Première parution : Joël Gombin, « Pourquoi les Américains pauvres ne votent pas à droite, ouwhat’s the matter with Thomas Frank ? », L’Espace Politique, 23 | 2014-2, mis en ligne le 04 juillet 2014, consulté le 09 juillet 2014. 

La parution du What’s the matter with Kansas? (Frank, 2004a) du journaliste états-unien Thomas Frank, puis sa traduction en français sous le titre Pourquoi les pauvres votent à droite (Frank, 2013), ont constitué des événements dans les vies intellectuelles états-unienne et française. L’auteur y dresse le constat d’une forme de réalignement électoral radical, selon lequel aux États-Unis, les citoyens les plus pauvres se seraient mis à voter massivement en faveur du Parti républicain. La cause en serait à rechercher du côté d’une stratégie des Républicains visant à déplacer le combat électoral sur le plan des enjeux culturels et moraux (avortement, peine de mort, port d’armes, droit des homosexuels…), afin de piéger les pauvres dans une sorte de « fausse conscience » qui les conduirait à voter contre leurs intérêts économiques objectifs. Même si Frank n’insiste guère sur ce point, d’autres poursuivront son argument en avançant qu’à l’inverse, le vote en faveur des démocrates serait désormais le fait des plus aisés, sur les côtes Est et Ouest – l’équivalent de notre « gauche caviar » ou, pour reprendre le terme forgé par Brooks et importé avec succès en France, les « bobos » (Brooks, 2010; pour une critique de cette notion, voir notamment Tissot, 2013). La manière dont Frank décrit l’évolution de la vie politique états-unienne s’inscrit plus largement dans le récit de l’opposition entre « Red states » (États républicains) et « Blue states » (États démocrates), c’est-à-dire d’une guerre culturelle entre deux Amériques qui prend une forte dimension territoriale.

La thèse de Frank a reçu un profond écho en France – sa traduction a été publiée par Agone, un éditeur engagé à l’extrême gauche, et le Monde diplomatique a réservé un accueil chaleureux à son travail en publiant plusieurs de ses articles (Frank, 2004b, 2012). Certains chercheurs ou intellectuels se sont appropriés son approche ; ainsi par exemple de Gaël Brustier (Brustier, 2013 ; Brustier, Huelin, 2011), fin analyste de la « guerre culturelle » à la française, clairement inspiré des travaux de Frank. Notons au passage que les débats états-uniens dont nous rendons compte ici ont évidemment connu une transposition en France, au travers de la question du vote pour le Front national, de la thématique d’une supposée droitisation de la société ou de certains groupes sociaux (Schweisguth, 2007 ; De Waele, Vieira, 2011), de la « politique des deux axes » (axe socio-économique vs. axe culturel) (Tiberj, 2012), du débat autour du fameux « rapport Terra Nova » et de l’émergence en réaction de la « Gauche populaire » (Baumel, Kalfon, 2011 ; Bouvet, 2012).

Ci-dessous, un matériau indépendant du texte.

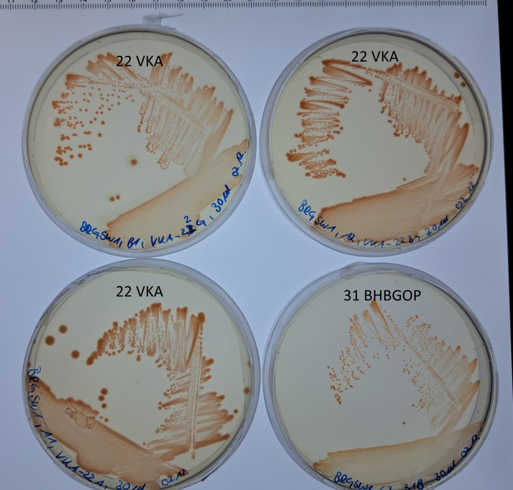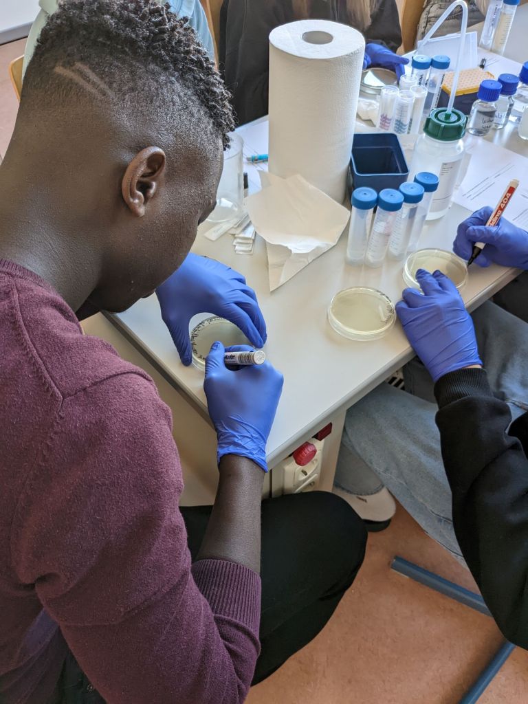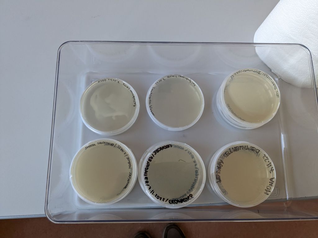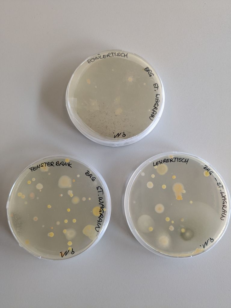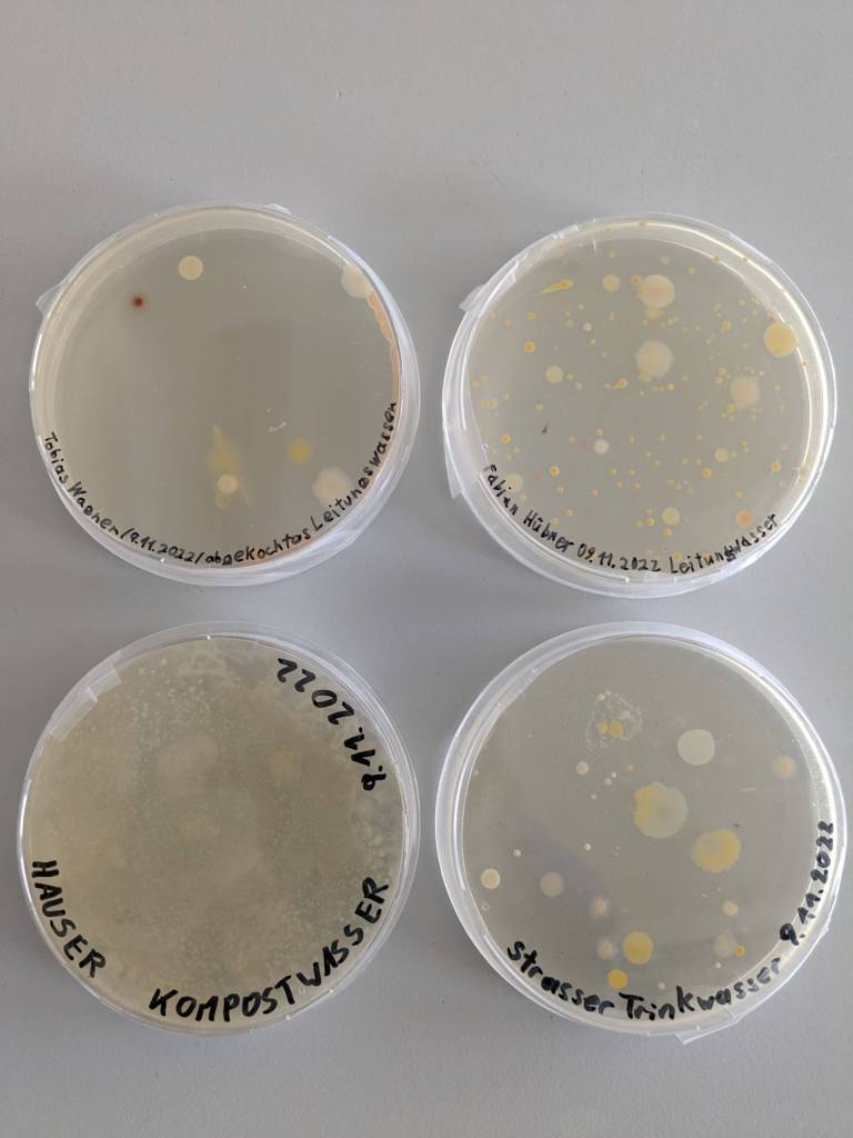 The students from the two schools BORG Nonntal and BRG Schloss Wagrain had brought water samples from different water habitats and spread them on agar plates. After two weeks of incubation in the lab a lot of bacterial colonies appeared, as you can see on the photos.

La science politique universitaire nord-américaine a en revanche reçu de manière très critique What’s the matter with Kansas (voir par exemple Bartels, 2006 ; Gelman, Shor, Bafumi, Park, 2007 ; pour une approche longitudinale en français de la question, voir Gallard, 2009). Le livre d’Andrew Gelman que nous recensons ici (Gelman, 2010) s’inscrit dans le débat ouvert par Frank (mais aussi, entre autres, par David Brooks, 2010). Professeur de science politique et de statistiques à Columbia, Andrew Gelman est l’un des politistes les plus en vue de la scène universitaire nord-américaine et même mondiale. Sa position dans ce débat est simple : la thèse de Frank ne repose sur aucune base empirique ; les riches continuent de soutenir majoritairement les candidats républicains, tandis que le parti démocrate demeure le parti des plus pauvres. Ce qui fait en revanche tout l’intérêt de ce livre remarquable, ce sont les données utilisées, et surtout la méthode que Gelman utilise pour les analyser.